Bolland returned to the Blackhawks lineup in Game 1 of the Western Conference Semifinals after missing the final three games of the regular season and the opening round against the Minnesota Wild with a groin injury. He skated on the third line and logged 11:36 of ice time, easily the least he's played in 50 career Stanley Cup Playoff games for Chicago.
Still, the guy who has earned a reputation as a "playoff player" was noticeable in his brief appearances.
"I liked his game," Quenneville said. "He hadn't played in a while, and [Bolland] coming off a couple injuries this year and missed some time, but one thing you know with him is come playoff time, [Bolland] seems to elevate his game.

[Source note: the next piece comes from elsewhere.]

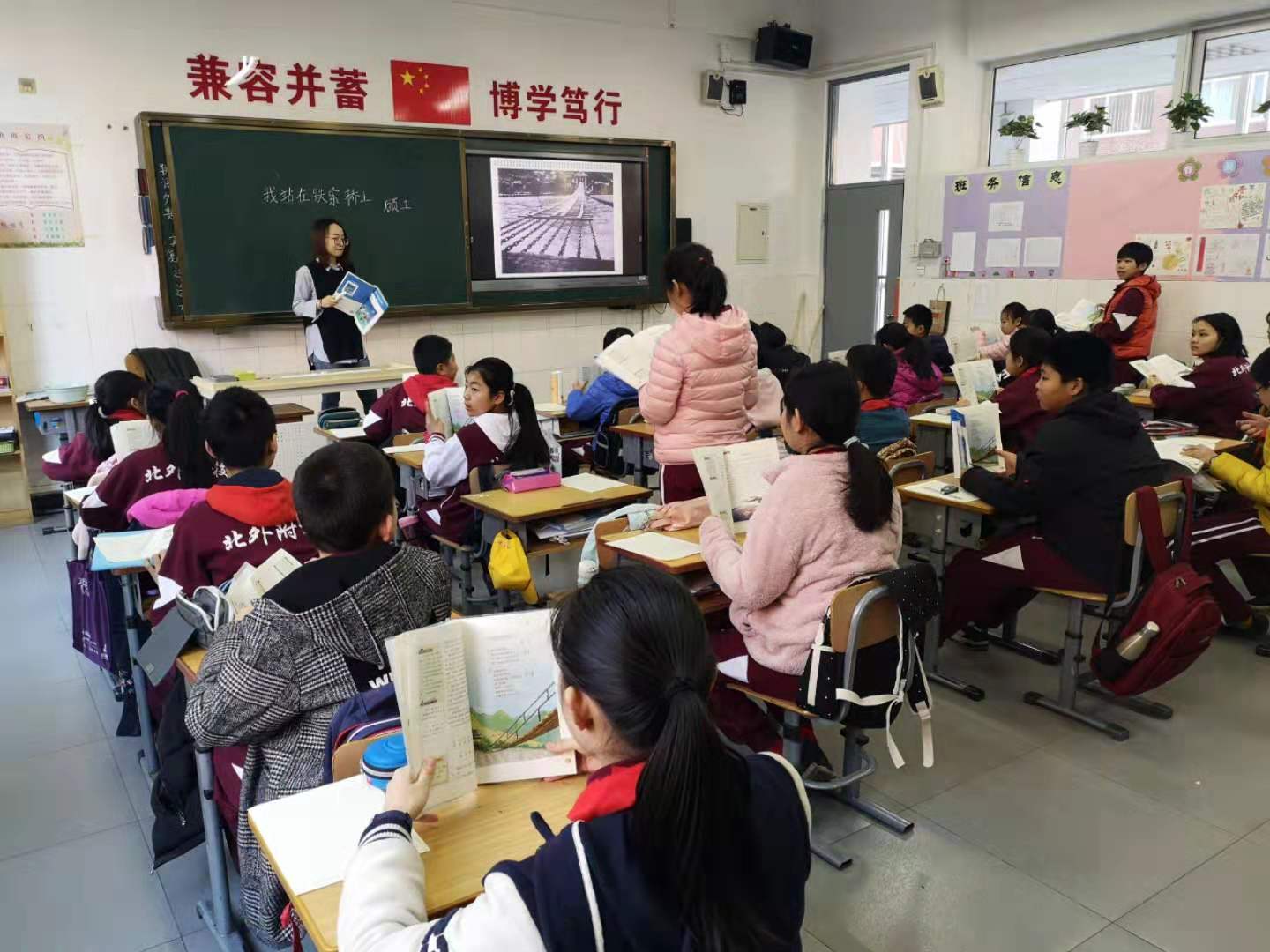 六年级杜晴晴老师执教的《我站在铁索桥上》,学生在欣赏诗歌中追忆红军当年飞夺泸定桥激烈战斗的场面,激发对如今和平美好的生活的热爱。不仅感受遗迹背后的历史故事,还与现在生活联系起来,进行诗歌仿写,切实提升语文素养。

"The predictability, how he's he going to be competing -- he leaves it out there. He's got that grittiness, that sandpaper that you appreciate and you notice. His thinking and how he plays the game, he puts himself in the right spots both offensively and defensively. He's got those instincts and they seem to elevated come playoff time."
Bolland said, "Just getting back on my own two feet. Once you get back in the game, the first period is always the worst. The speed [after] being out for two-and-a-half weeks, it's a little different than just in practice. It's sort of just getting back on the old bike."
Bolland has been a proven performer in the playoffs for the Blackhawks for his entire career. He's gained plenty of notoriety for being a physical two-way forward who has frustrated elite centers Henrik Sedin and Joe Thornton.
But statistics also show how Bolland has found another level in the postseason. He has averaged 0.51 points per game in his 332 career regular-season games, but he has 37 points in 50 playoff games (0.74 per contest).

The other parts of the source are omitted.